Exactly as they appear below, repeat the lines from the one with "Mirza kurta set" through the one with "カジュアルなTシャツデザイン". Drop every picture.

##### Available data

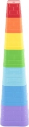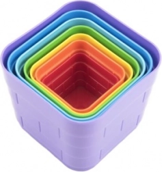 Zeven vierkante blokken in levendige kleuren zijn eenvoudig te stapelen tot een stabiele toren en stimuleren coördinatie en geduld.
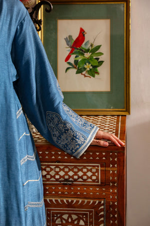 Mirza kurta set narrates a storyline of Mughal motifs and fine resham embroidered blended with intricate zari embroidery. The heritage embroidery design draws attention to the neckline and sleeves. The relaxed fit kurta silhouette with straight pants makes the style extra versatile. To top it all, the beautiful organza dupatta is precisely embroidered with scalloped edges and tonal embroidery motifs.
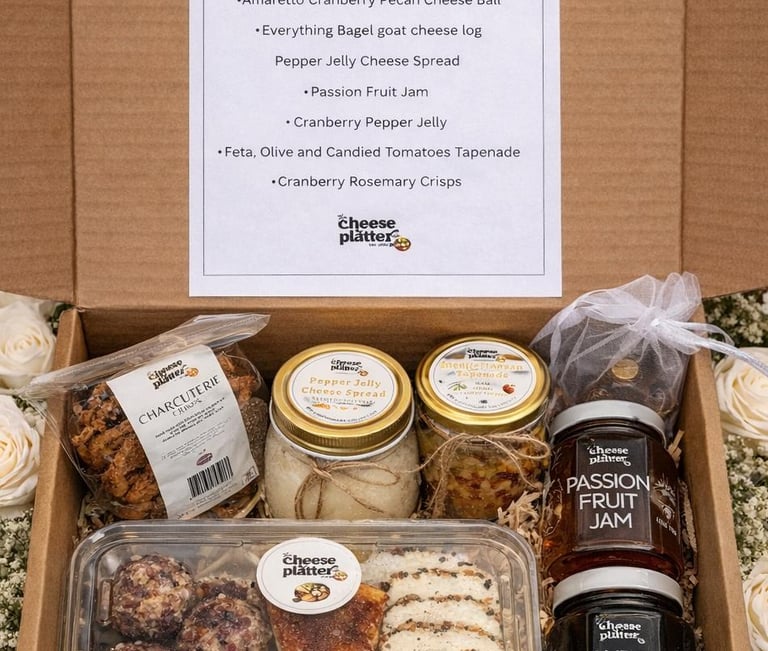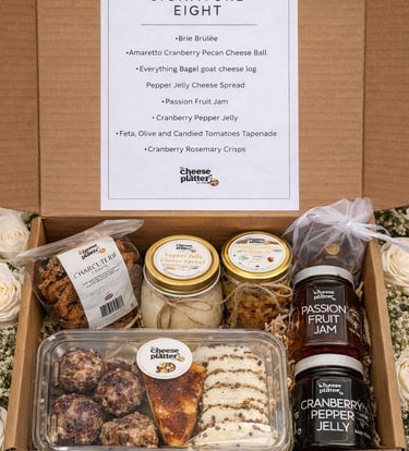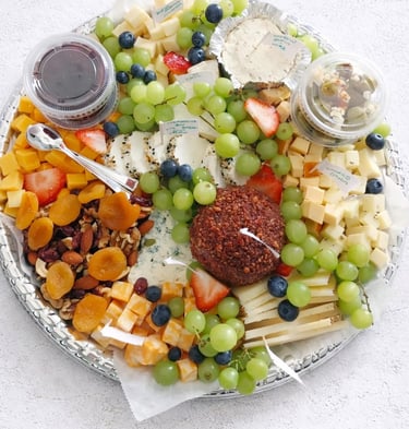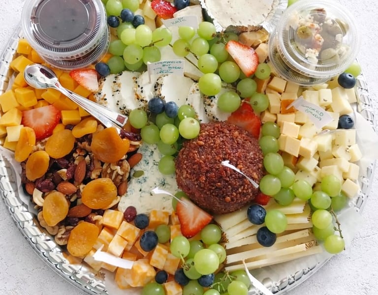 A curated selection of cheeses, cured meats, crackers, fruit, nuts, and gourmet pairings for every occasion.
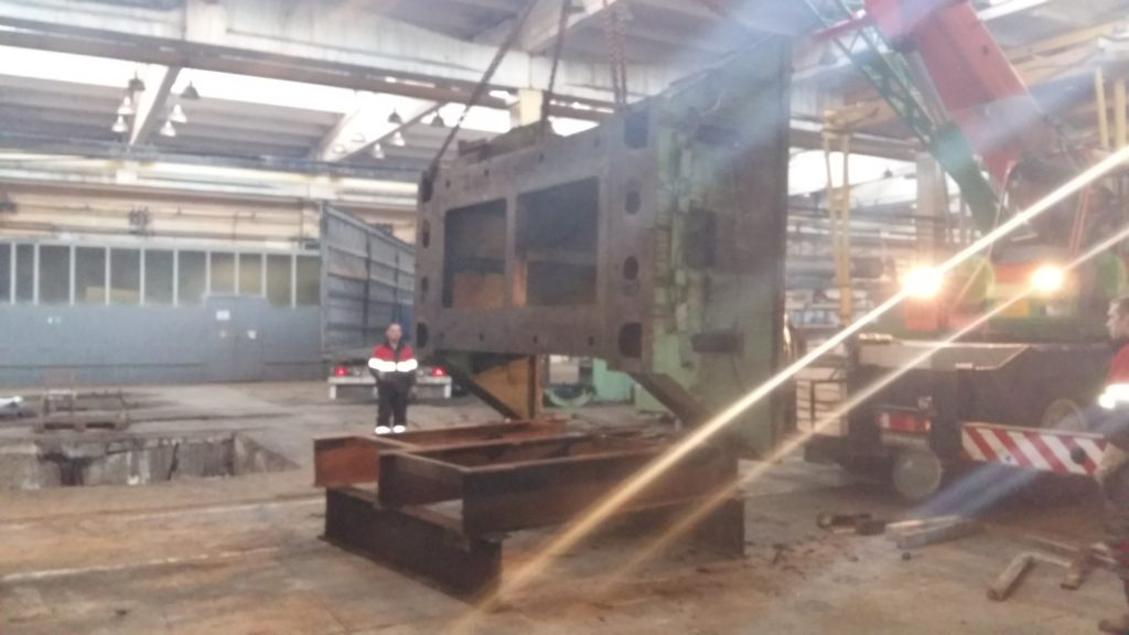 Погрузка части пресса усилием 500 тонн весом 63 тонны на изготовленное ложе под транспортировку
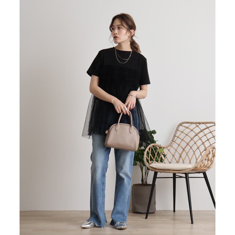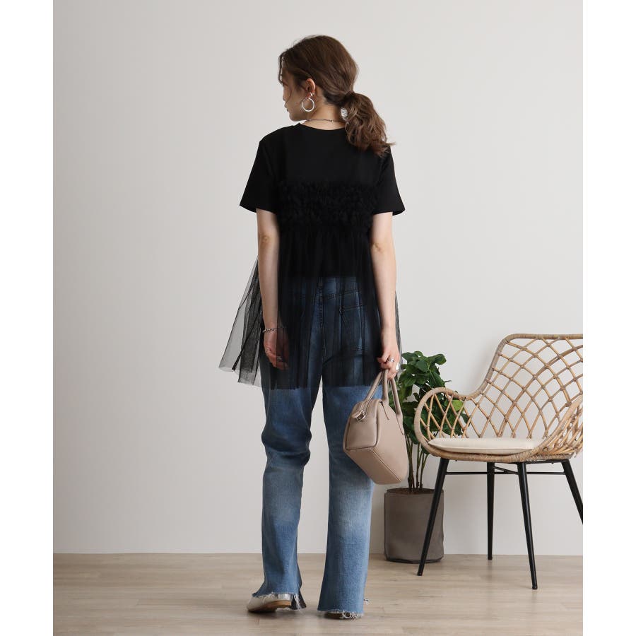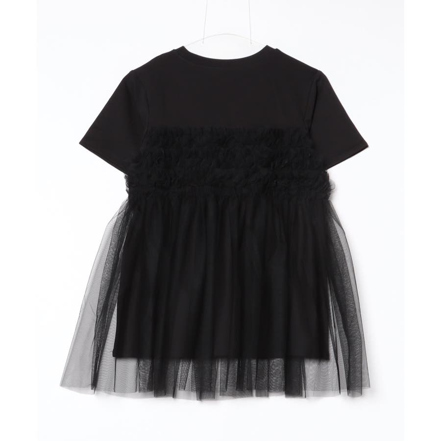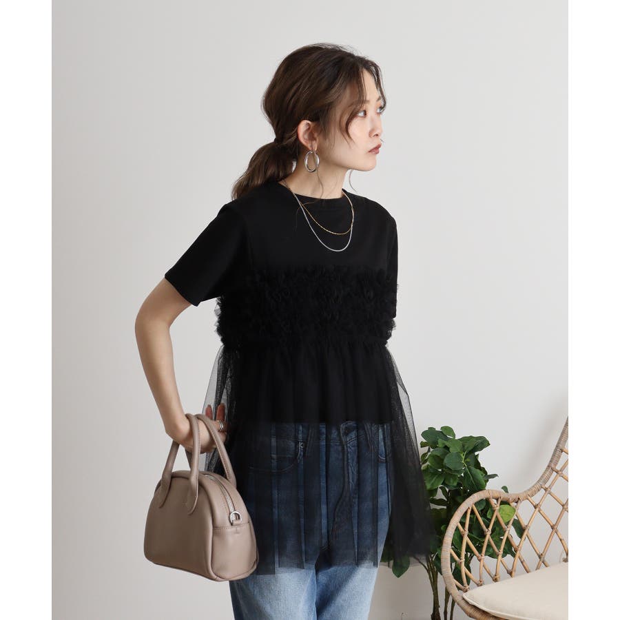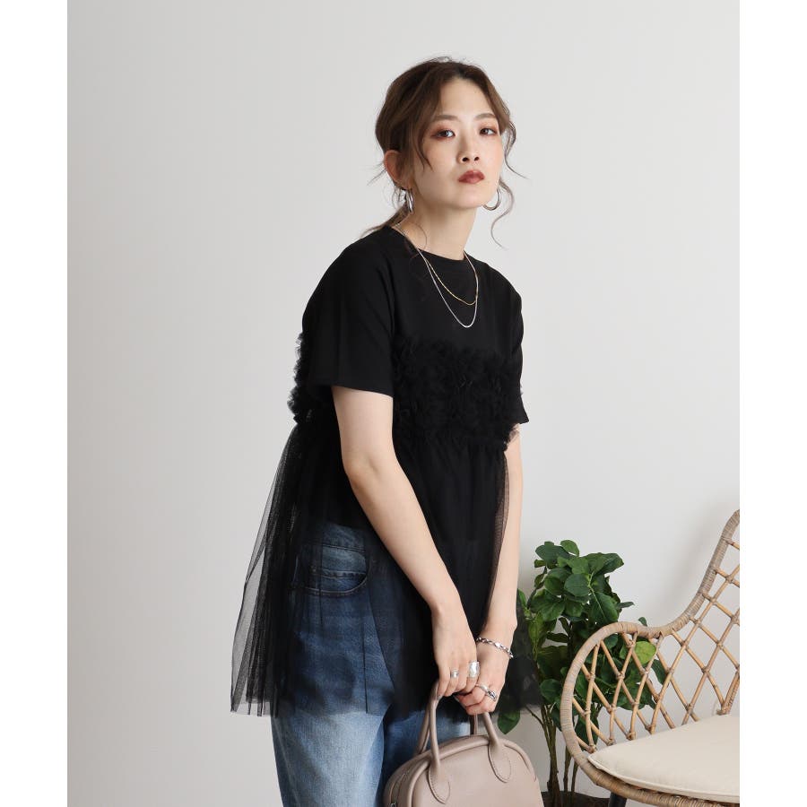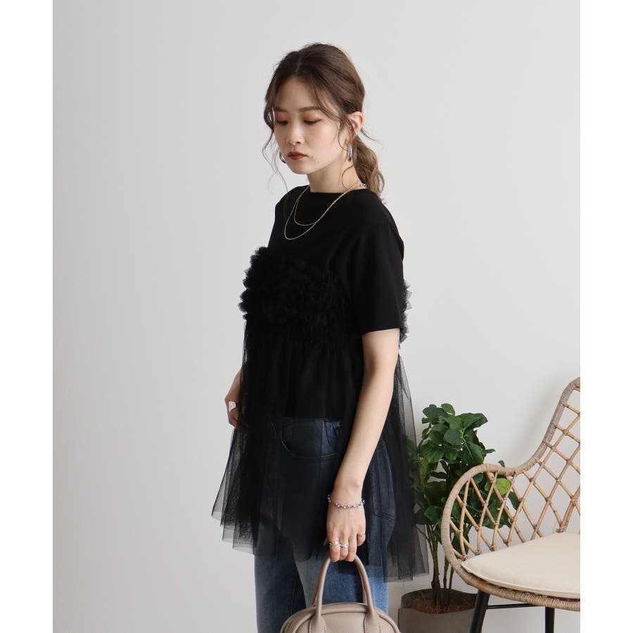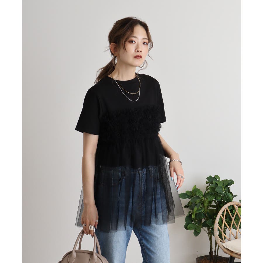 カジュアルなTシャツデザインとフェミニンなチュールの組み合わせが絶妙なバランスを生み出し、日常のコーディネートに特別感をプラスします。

##########
##### Available data

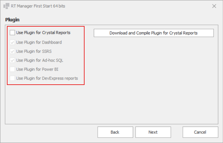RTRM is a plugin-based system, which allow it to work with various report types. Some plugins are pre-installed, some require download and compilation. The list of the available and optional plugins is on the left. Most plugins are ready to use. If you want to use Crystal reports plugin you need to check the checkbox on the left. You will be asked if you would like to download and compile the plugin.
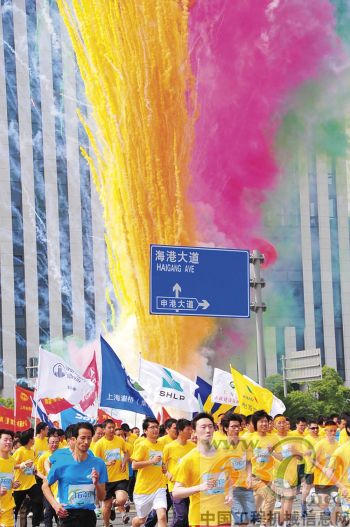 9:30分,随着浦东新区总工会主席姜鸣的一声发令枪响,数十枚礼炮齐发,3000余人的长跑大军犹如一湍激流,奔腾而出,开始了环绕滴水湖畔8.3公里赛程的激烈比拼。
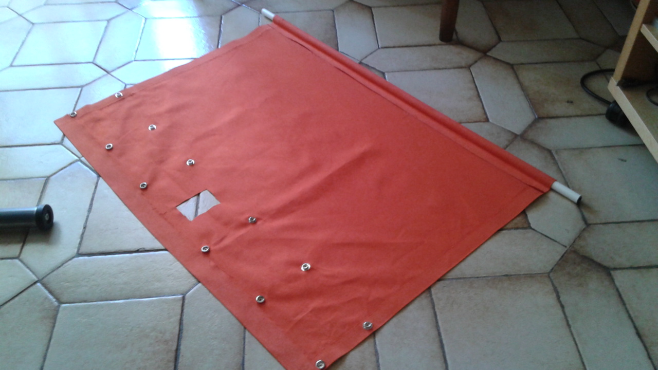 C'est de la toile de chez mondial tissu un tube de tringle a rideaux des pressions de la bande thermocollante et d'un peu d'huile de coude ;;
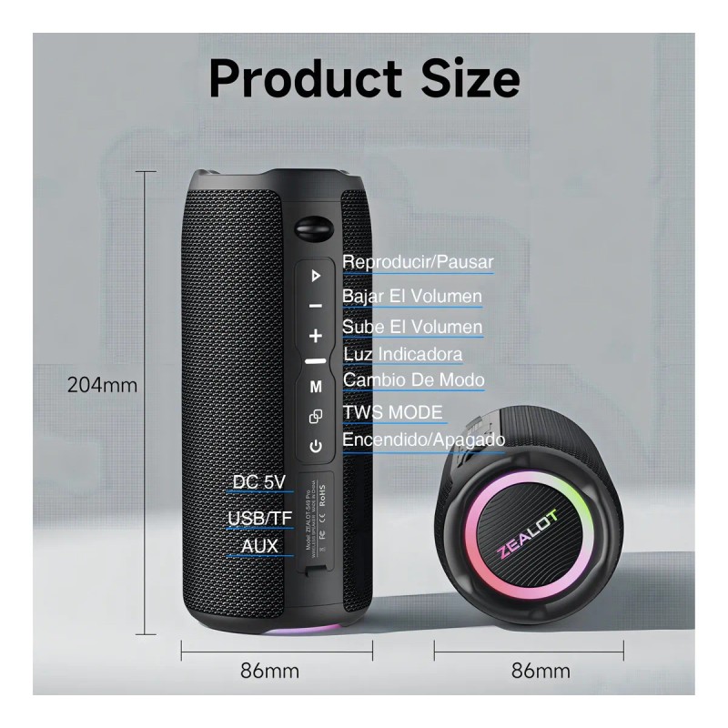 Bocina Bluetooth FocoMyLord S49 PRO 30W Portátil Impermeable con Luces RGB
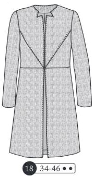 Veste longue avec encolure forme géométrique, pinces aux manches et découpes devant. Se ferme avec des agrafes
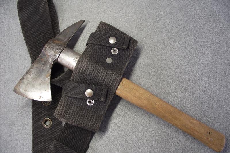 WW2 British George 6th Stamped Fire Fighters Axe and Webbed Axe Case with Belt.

##########
##### Available data

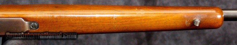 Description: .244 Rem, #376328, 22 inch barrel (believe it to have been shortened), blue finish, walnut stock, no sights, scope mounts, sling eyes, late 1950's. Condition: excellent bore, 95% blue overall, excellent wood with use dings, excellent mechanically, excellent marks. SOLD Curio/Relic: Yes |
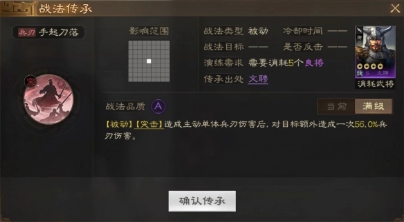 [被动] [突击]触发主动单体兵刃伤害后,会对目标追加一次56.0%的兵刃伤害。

##########

### Reply to the task
 Mirza kurta set narrates a storyline of Mughal motifs and fine resham embroidered blended with intricate zari embroidery. The heritage embroidery design draws attention to the neckline and sleeves. The relaxed fit kurta silhouette with straight pants makes the style extra versatile. To top it all, the beautiful organza dupatta is precisely embroidered with scalloped edges and tonal embroidery motifs.
 A curated selection of cheeses, cured meats, crackers, fruit, nuts, and gourmet pairings for every occasion.
 Погрузка части пресса усилием 500 тонн весом 63 тонны на изготовленное ложе под транспортировку
 カジュアルなTシャツデザインとフェミニンなチュールの組み合わせが絶妙なバランスを生み出し、日常のコーディネートに特別感をプラスします。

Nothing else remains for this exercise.